Online Assessments for the Data Team
Exploratory data analysis plays a huge part in quantitative finance. Often, in a variety of scenarios, consumer interests, expectations and beliefs play a huge role in deciding major moves for organisations.
Imagine the following scenario: We are an up and coming bank with limited resources. We want to start generating alpha as soon as possible and are elated to do so. Unfortunately, we are unable to hire a large legal team that handles disputes effectively, and seek to minimise the number of consumer complaints that we deal with, as well as deal with only general categories whose disputes are easy to resolve.
On the bright side, we have a dataset with a large number of submitted complaints for many credit based products. Based on these complaints, can you generate insights and a summary of credit products that our company can sell safely? Are there optimizations that we can make in our product offering? (from a legal and PR perspective, assume that another team handles actual credit-default risk.)
Your task, then, is to write a Jupyter Notebook detailing an exploration into the data that you have. Here are a few ideas that you can explore:
- What states are these disputes most prevalent in? (Can you also maybe get in your own dataset about populations of these states to measure percentages?)
- Could you figure out the most common products and sub-products with these complaints? Could you find out which of the banks were most likely to have which issues?
- Could you find out what the most common language / keywords that companies used in their personal statements are?
- Can you build a quick and dirty model to take in a bunch of relevant features and figure out how the compnay is going to approach the issue?
- You cannot take in the consumer complaint as text itself in most models, that would be unwise, is there any way you can quantify this text using some basic NLP, and use those instead as features.
- In the same way, taking more relevant features, can you build out a model that takes in relevant features and the company's closure method, and predict if the consumer is going to dispute it or not?

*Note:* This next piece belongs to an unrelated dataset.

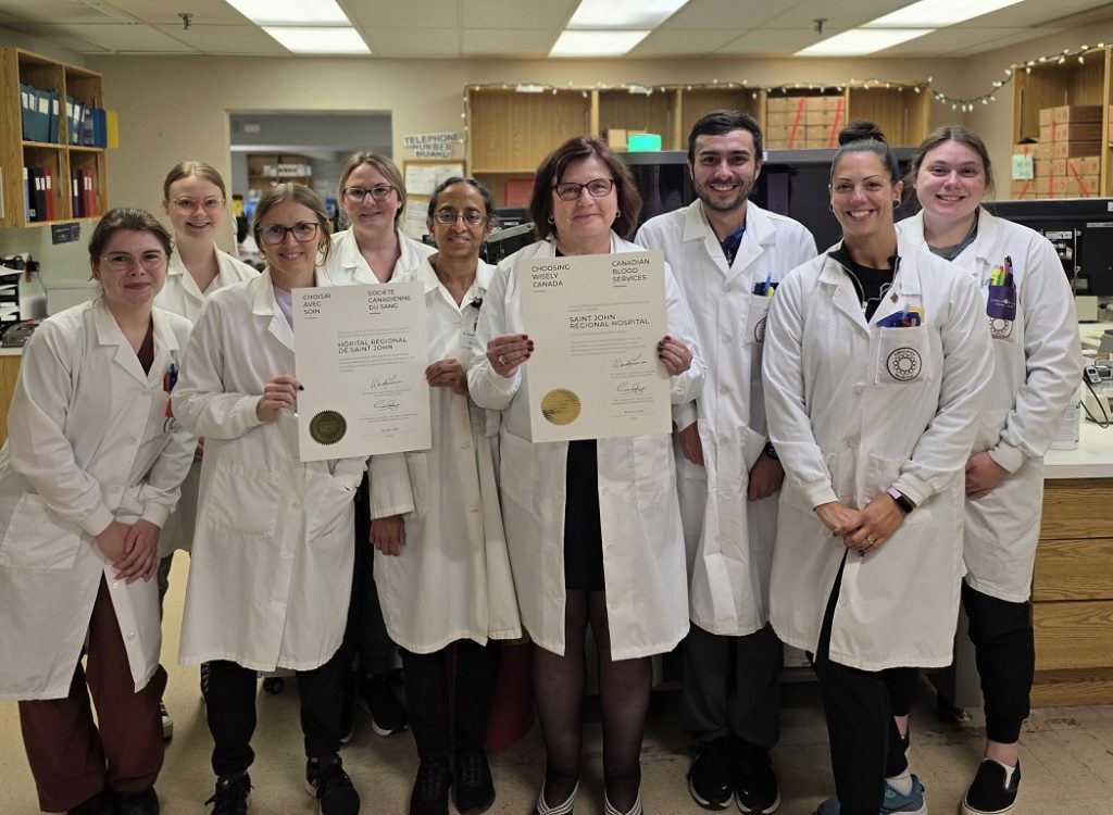 Deux hôpitaux du Réseau de santé Horizon reçoivent une désignation nationale pour leurs efforts en matière de réduction des transfusions inutiles de globules rouges novembre 21, 2025 (SAINT JOHN/MONCTON) – Deux établissements du Réseau de santé Horizon (Horizon), soit l’Hôpital régional de Saint John (HRSJ) et L’Hôpital de Moncton (LHM), ont obtenu une désignation nationale pour leurs efforts visant à conserver la réserve de sang du Canada. L’HRSJ et LHM ont récemment obtenu la désignation « Transfuser avec soin en milieu hospitalier ». Quelque 180 autres établissements au pays sont titulaires de cette désignation qui témoigne de leurs efforts de réduction des transfusions inutiles de globules rouges. Cette campagne nationale est le fruit d’un partenariat entre Choisir avec soin Canada et la Société canadienne du sang. « Nous sommes ravis que nos efforts pour assurer une bonne utilisation du sang aient été reconnus dans le cadre de cette campagne nationale », a souligné Claire Wright, gestionnaire des laboratoires de médecine transfusionnelle et de cellules souches à l’HRSJ. « Le sang est une ressource extrêmement importante pouvant sauver des vies et protéger la santé, et c’est une priorité pour nous de veiller à la conservation de cette ressource. » Pour recevoir la désignation « Transfuser avec soin en milieu hospitalier », les hôpitaux doivent atteindre ou surpasser des critères de référence nationaux et les maintenir. Les hôpitaux qui ne satisfont pas aux critères de référence peuvent s’inscrire à une initiative d’amélioration de la qualité pour ensuite présenter une demande de désignation. Selon Choisir avec soin Canada, une campagne menée par des cliniciens visant la réduction des examens et des traitements inutiles, les transfusions inappropriées sont courantes dans les hôpitaux, malgré un déclin général au cours des dernières années. Cette initiative tombe à point nommé, puisque la Société canadienne du sang prévoit une augmentation de près de 10 % de la demande pour des produits sanguins au cours des cinq prochaines années. « Nous sommes fiers des équipes de l’Hôpital régional de Saint John et de L’Hôpital de Moncton qui ont travaillé à l’obtention de cette désignation », a affirmé le vice-président aux services professionnels d’Horizon, Jeff Carter. « Les initiatives comme celles-ci viennent appuyer le pilier stratégique d’Horizon visant l’excellence dans les soins hospitaliers dans la province. » Quatre autres hôpitaux du Nouveau-Brunswick sont aussi titulaires de la désignation « Transfuser avec soin en milieu hospitalier ». – 30 – Pour de plus amples renseignements, veuillez écrire à : Maggie Estey Relations avec les médias 1-877-499-1899 Media@HorizonNB.ca

Remember, this is a non comprehensive list, and any new ideas that you have can and should be implemented. If you have the opportunity to use any other public datasets to amplify the insights from this dataset, you're encouraged to import them in!
Your code should be highly modular, customizable, and absent of technical debt. Your exploration must contain lots of your hanging ideas, explanations based on your choices you make with the data. Remember to work with only the essential data, and drop all irrelevant columns, remove outliers, etc.

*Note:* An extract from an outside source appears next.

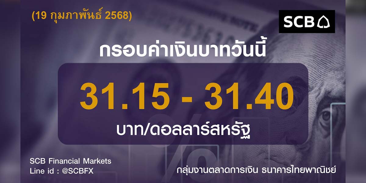 กลุ่มงานตลาดการเงิน ธนาคารไทยพาณิชย์ (SCB Financial Markets) วันนี้เคลื่อนไหวในกรอบ 31.15-31.40 บาท/ดอลลาร์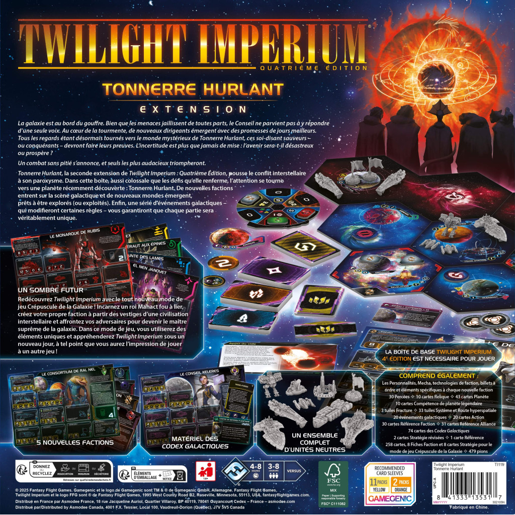 Dans cette boîte, aussi colossale que les défis qu’elle renferme, l’attention se tourne vers une planète récemment découverte : Tonnerre Hurlant. De nouvelles factions entrent sur la scène galactique et de nouveaux mondes émergent, prêts à être explorés (ou exploités). Enfin, une série d’événements galactiques - qui modifieront certaines règles -vous garantiront que chaque partie sera véritablement unique.

This criteria is the same in our codebase and will be a good indicator if you can generate data science based insights. Imagine that you're showing the insights from this dataset to an executive, and retain only visual and simple to understand correlations that you find. Good luck!

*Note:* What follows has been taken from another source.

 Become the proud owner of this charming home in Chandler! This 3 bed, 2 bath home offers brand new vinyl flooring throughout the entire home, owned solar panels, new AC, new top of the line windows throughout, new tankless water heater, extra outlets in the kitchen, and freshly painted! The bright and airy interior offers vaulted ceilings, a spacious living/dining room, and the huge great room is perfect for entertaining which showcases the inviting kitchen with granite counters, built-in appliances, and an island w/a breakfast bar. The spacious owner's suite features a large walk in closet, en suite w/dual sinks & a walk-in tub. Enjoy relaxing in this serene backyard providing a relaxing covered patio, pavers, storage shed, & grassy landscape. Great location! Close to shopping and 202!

The dataset is on Google Drive. Our advice for you is to download the dataset, work on it, and add it to the gitignore in your private forks, so that you don't commit it. Always print out outputs of operations within your notebook, but do not include the dataset itself as part of your submission.
Link to dataset: https://drive.google.com/file/d/1Vnny6HVGBgF_mdDtIo2ddOTtOiGF5jxK/view?usp=sharing
Log in with your GApps@Illinois account to access this dataset.
- A Jupyter Notebook with all the code and your thought process. (Remember the thought process is what we're looking for)
- A generated, dynamic PDF File with the insights that you have gathered.
- A list of future hypotheses that you may not have yet implemented / couldn't figure out how to, but feel that could be interesting. Ideally, this would be structured in LaTex.
We will be looking at your project and grading it under these five criteria:
- Code
- If it works
- Modular
- Follows best practices (ie. OOP)
- Documentation
- Concise and exact.
- Follows popular conventions.
- Visuality. (Lots of graphs and statistics)
- Styling
- Human readable
- Can quickly glance to receive all relevant information
- Follows Google Style Guide (preferred if it exists) or most popular convention (ie. PEP8)
- Robustness
- Customizable
- No technical debt (future proof)
- Handles bad inputs and errors
- Git
- Good commit messages
- Commits are properly sized